A healthy diet and lifestyle is a family affair. Neither atherosclerosis nor poor lifestyle is something that begins in adulthood. The true significance of this was discovered when young men killed in Korea were found, on autopsy, to have the early signs of atherosclerosis. Men 19 years of age! When did this insidious disease begin? At 18? At 17? The answer is clear. Diet and lifestyle are something that is learned in childhood, and diseases that nourish themselves on poor diet and lifestyle begin in childhood. Food and lifestyle are not merely things that you, as parents, provide for children; you provide them living patterns that can either serve them well in adulthood or dramatically decrease the quality of their adult lives. Having a stroke, heart attack or diabetes is no game. Ask anyone who has any one of these problems.

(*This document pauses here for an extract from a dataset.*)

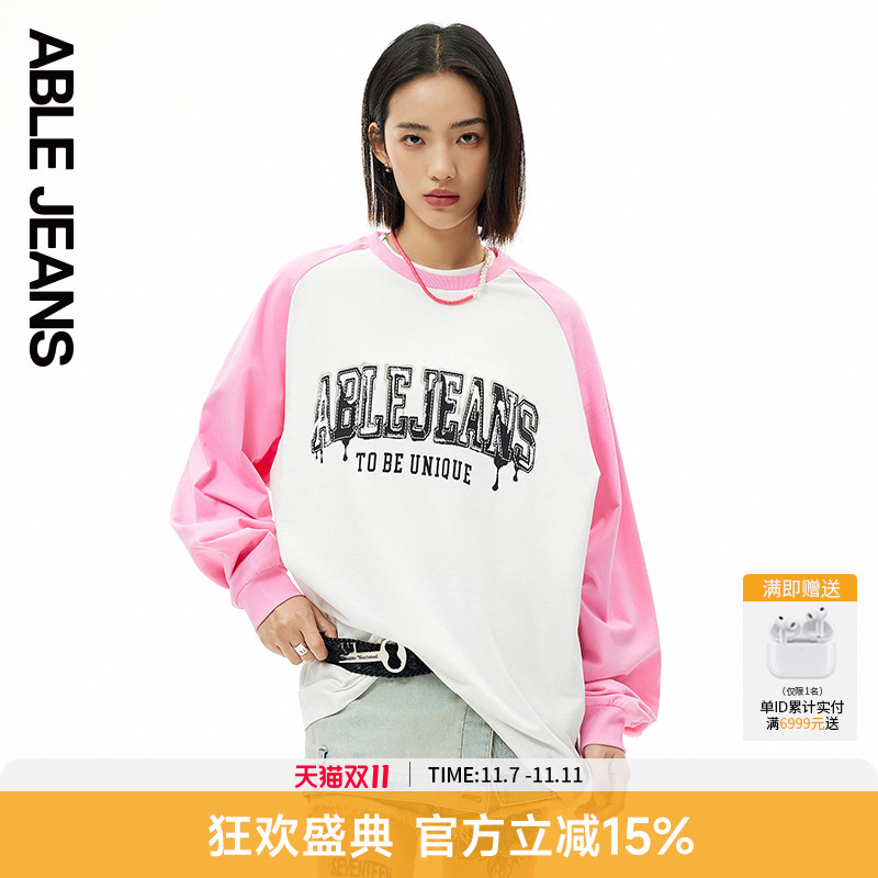 ABLE JEANS新款女士拼接插肩袖字母宽松美式长袖T恤薄款
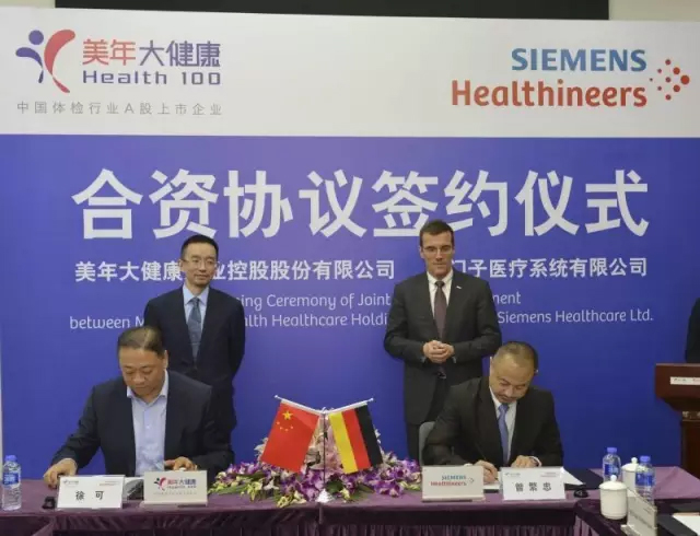 昨日(12月1日),西门子医疗系统有限公司(以下简称“西门子医疗中国”)与美年大健康产业控股股份有限公司(以下简称“美年大健康”)共同宣布,双方签署协议,将共同设立与运营一家独立医学影像诊断中心。美年大健康产业控股股份有限公司董事长俞熔、总裁徐可、西门子医疗全球首席运营官Michael Reitermann和西门子医疗大中华区总裁曾繁忠出席签约了仪式。 同日晚间,在深交所上市的美年大健康发布《关于与西门子医疗系统有限公司合资设立公司的公告》,根据公告,西门子医疗将与美年大健康合资设立上海美熙医学诊断有限公司(暂定名),总投资额为人民币 1亿元,其中美年大健康拟以自有资金出资人民币 5100 万元,持有合资公司51%的股权;西门子医疗拟出资人民币 4900 万元,持有合资公司49%的股权。 合资公司将设董事会,董事会将由5名成员组成,其中3名成员(包括董事长)由美年健康委派,另外2名成员由西门子医疗委派,双方各有权提名1名监事。总经理由美年健康提名,财务总监1名由西门子医疗提名。 另据医谷了解,该中心未来将落户上海,占地面积约3000平方米,将利用影像诊断、体外诊断等先进设备以及其他医疗产品,从事影像诊断、健康检查与体外诊断等业务。 2016年8月12日,国家卫生计生委对外正式印发《医学影像诊断中心基本标准和管理规范(试行)》的通知,一定程度上为国内第三方医学影像诊断中心的发展奠定了基础。 《通知》表示,医学影像诊断中心属于单独设置的医疗机构,为独立法人单位,独立承担相应法律责任,鼓励医学影像诊断中心形成连锁化、集团化,建立规范化、标准化的管理与服务模式。对拟开办集团化、连锁化医学影像诊断中心的申请主体,可以优先设置审批。 《通知》发布后,有业内人士表示,未来,大型影像诊断设备制造商可能会通过第三方医学影像诊断中心的形式涉入医疗服务业,一方面满足其产业链纵深发展的需求,另一方面实现其数据采集、优化、开发的前移,此外,也有助于其相关设备的销售。

One important misconception people often have is that proper diet and healthy lifestyle, alone, can prevent or cure disease. Unfortunately, this is not true. However, there are several voluntary things that you can do to decrease your risk of getting certain diseases.

Many people are interested in doing something positive for their wellness, but they are not sure what to do. Cholesterol, polyunsaturated fatty acids, saturated fat, triglycerides, lecithin, fish oils...what do all these things mean? Which ones should you avoid? Which ones should you eat? There are a few simple rules that can make an important impact on your wellness. First of all, if you are overweight, it makes little sense to worry about taking fish oil supplements, vitamins, minerals, eating certain types of need to get back down to a reasonable body weight! I can't remember the number of times I have been asked by 50-60 year old, overweight men and women whether a certain nutritional supplement or food will decrease their risk of heart disease. The answer is clear; losing weight is much more important than any other factors.

Secondly, have your blood cholesterol measured. We want you to know your blood cholesterol value like you know your phone number. The higher your blood cholesterol value, the greater your risk for heart disease and stroke. For people over 25, we usually aim for a value of 200 (mg/dl) or lower. There is some evidence that lowering your blood cholesterol even below this value (to 180) might help reverse fat buildups already present on your arteries.

Third, watch the amount of animal fat and fried foods you are eating. No nutritionist will tell you not to eat red meat. We just want you to cut down on the amount of red meat in your diet and use lean cuts of meat that are lower in cholesterol. In addition, we want you to eat more chicken and fish and use vegetable oils that are high in unsaturated fat. Don't be fooled into thinking that any vegetable product is safe just because it is free of cholesterol. You need to read the label. Some vegetable products are even more saturated than animal meats, particularly if the word hydrogenated, partially hydrogenated, palm kernel oil, palm oil or coconut oil appear on the label. A good rule of thumb is to read product labels and to use products with the least amount of saturated fat in them. And drink milk, but make sure it is low-fat milk.

Fourth, know your family history. Know what diseases run in your family. What did your parents, grandparents, aunts and uncles die of? Knowing the diseases that run in your family and passing this information on to your children is very important.

Fifth, don't smoke. Smoking not only causes lung cancer, but also is a risk factor in heart disease, stroke and many respiratory diseases. It is particularly important not to smoke if you have other risk factors for any of these diseases.

So, have your blood cholesterol measured. Find out whether that time bomb is ticking away in YOU!